- GIVEN DATA
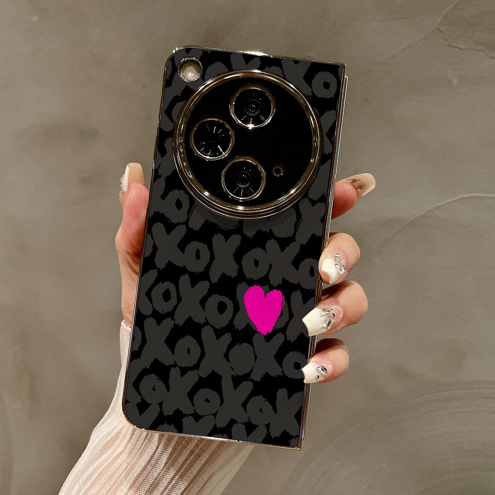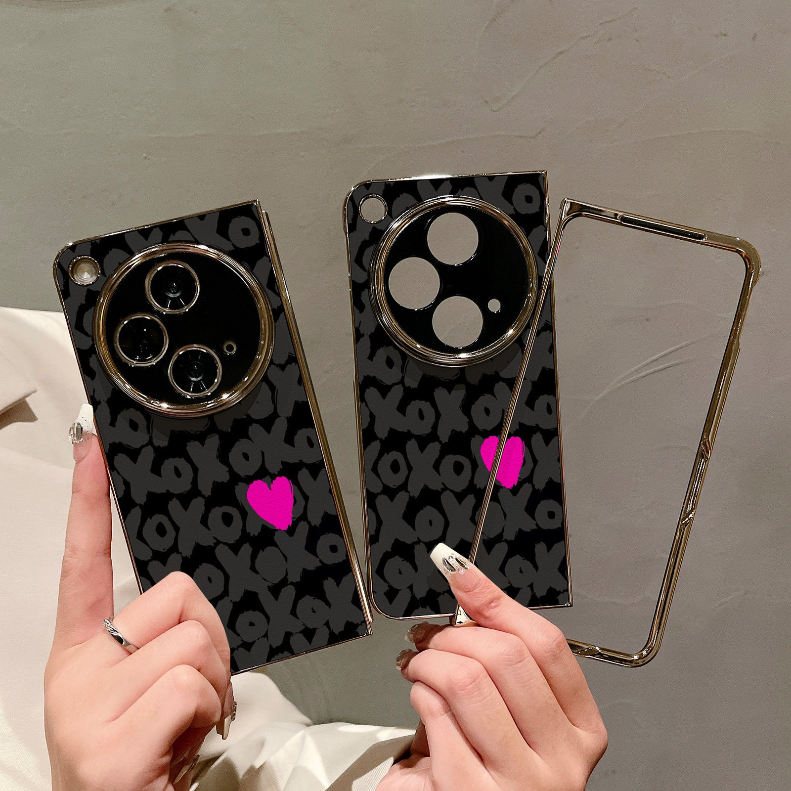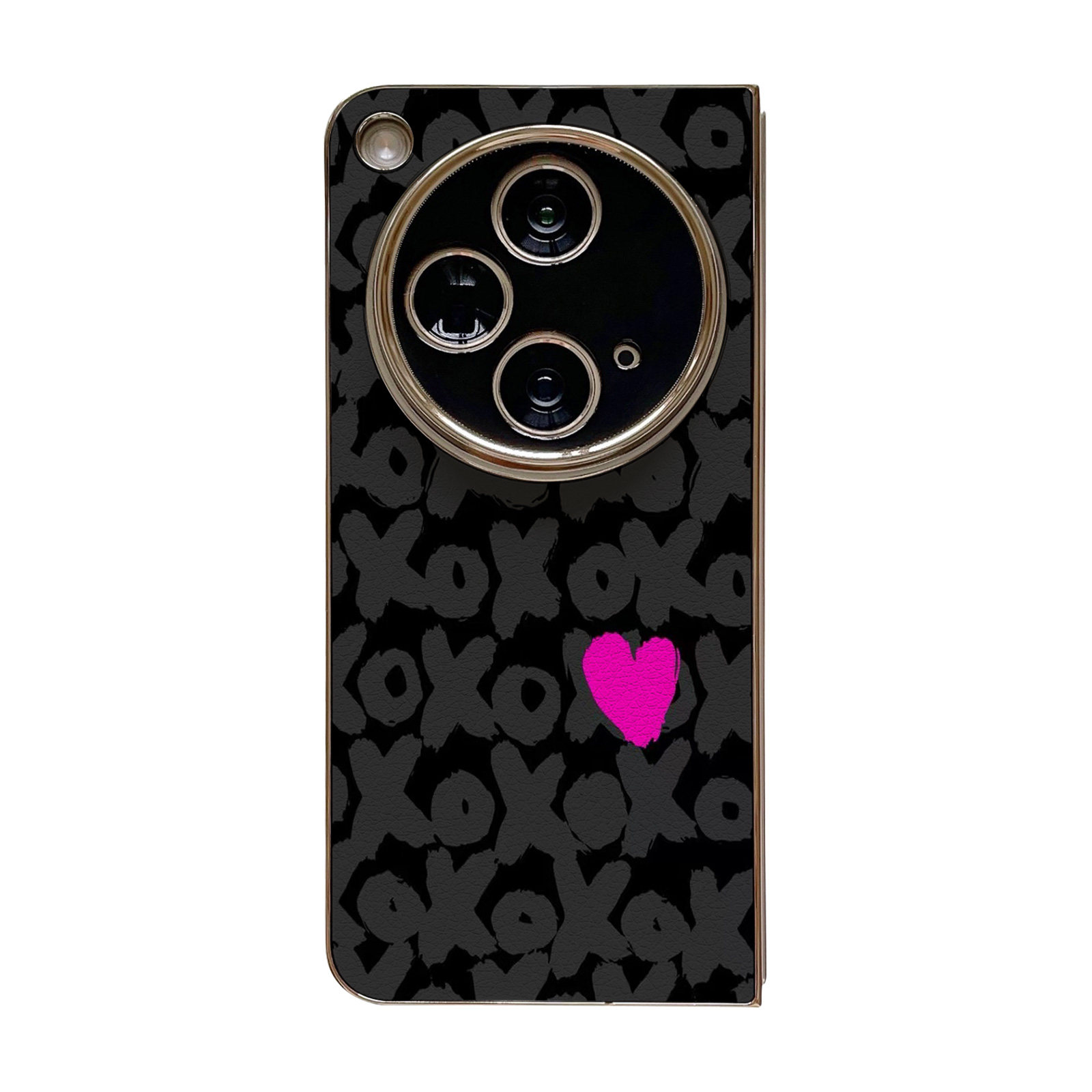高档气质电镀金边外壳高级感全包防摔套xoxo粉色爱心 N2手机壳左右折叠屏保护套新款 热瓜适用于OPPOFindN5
--
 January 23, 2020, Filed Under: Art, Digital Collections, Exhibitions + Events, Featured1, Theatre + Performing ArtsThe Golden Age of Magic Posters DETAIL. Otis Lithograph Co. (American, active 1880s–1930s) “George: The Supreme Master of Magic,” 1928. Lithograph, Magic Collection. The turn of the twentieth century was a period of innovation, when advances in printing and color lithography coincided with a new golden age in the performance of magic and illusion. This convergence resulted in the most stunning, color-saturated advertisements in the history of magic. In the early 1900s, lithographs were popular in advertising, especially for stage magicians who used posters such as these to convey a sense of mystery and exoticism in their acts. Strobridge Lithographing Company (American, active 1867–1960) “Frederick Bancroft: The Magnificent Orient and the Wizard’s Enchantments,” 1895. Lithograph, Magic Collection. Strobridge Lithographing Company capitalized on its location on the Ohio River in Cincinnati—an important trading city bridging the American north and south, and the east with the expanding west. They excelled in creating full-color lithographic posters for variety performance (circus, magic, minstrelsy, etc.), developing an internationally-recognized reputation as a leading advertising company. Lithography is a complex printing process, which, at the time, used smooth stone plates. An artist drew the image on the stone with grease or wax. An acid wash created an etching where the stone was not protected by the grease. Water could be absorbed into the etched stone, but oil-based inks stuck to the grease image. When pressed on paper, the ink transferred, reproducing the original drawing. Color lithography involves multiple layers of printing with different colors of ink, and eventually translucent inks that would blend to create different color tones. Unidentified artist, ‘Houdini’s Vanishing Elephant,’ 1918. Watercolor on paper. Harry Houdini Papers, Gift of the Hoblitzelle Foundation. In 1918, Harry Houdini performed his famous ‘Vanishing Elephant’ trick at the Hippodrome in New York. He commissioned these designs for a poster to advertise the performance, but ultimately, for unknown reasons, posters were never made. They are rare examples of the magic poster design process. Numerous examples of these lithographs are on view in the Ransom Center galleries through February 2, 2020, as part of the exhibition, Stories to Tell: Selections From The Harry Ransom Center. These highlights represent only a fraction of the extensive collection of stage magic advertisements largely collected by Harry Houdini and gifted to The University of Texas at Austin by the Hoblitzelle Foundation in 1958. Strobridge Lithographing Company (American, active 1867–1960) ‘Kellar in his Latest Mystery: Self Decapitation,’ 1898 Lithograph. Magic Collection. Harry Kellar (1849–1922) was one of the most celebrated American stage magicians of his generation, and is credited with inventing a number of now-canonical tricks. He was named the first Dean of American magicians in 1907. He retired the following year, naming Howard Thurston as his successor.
---
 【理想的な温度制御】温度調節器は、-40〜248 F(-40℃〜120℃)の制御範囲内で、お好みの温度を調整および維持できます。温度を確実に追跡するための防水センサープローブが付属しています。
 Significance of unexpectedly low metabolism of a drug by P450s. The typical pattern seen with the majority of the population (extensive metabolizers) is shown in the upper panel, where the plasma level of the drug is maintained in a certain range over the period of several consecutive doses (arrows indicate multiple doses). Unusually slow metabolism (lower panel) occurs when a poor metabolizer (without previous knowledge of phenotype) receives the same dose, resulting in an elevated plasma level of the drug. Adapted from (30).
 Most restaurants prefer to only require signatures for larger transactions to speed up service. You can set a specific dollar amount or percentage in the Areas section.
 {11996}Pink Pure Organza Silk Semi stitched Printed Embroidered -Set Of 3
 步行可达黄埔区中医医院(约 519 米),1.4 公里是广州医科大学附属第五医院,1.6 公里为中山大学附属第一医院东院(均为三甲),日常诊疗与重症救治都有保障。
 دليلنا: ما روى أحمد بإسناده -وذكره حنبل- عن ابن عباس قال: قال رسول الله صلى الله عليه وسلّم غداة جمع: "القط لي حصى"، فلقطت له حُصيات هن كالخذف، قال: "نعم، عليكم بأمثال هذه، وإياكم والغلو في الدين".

- ABOUT THIS TASK
Above are the entries. Output exactly the lines beginning with the line that has "Embroidered -Set Of 3" and ending with the line that has "步行可达黄埔区中医医院(约 519 米),1.4".

- EXERCISE RESULT
 {11996}Pink Pure Organza Silk Semi stitched Printed Embroidered -Set Of 3
 步行可达黄埔区中医医院(约 519 米),1.4 公里是广州医科大学附属第五医院,1.6 公里为中山大学附属第一医院东院(均为三甲),日常诊疗与重症救治都有保障。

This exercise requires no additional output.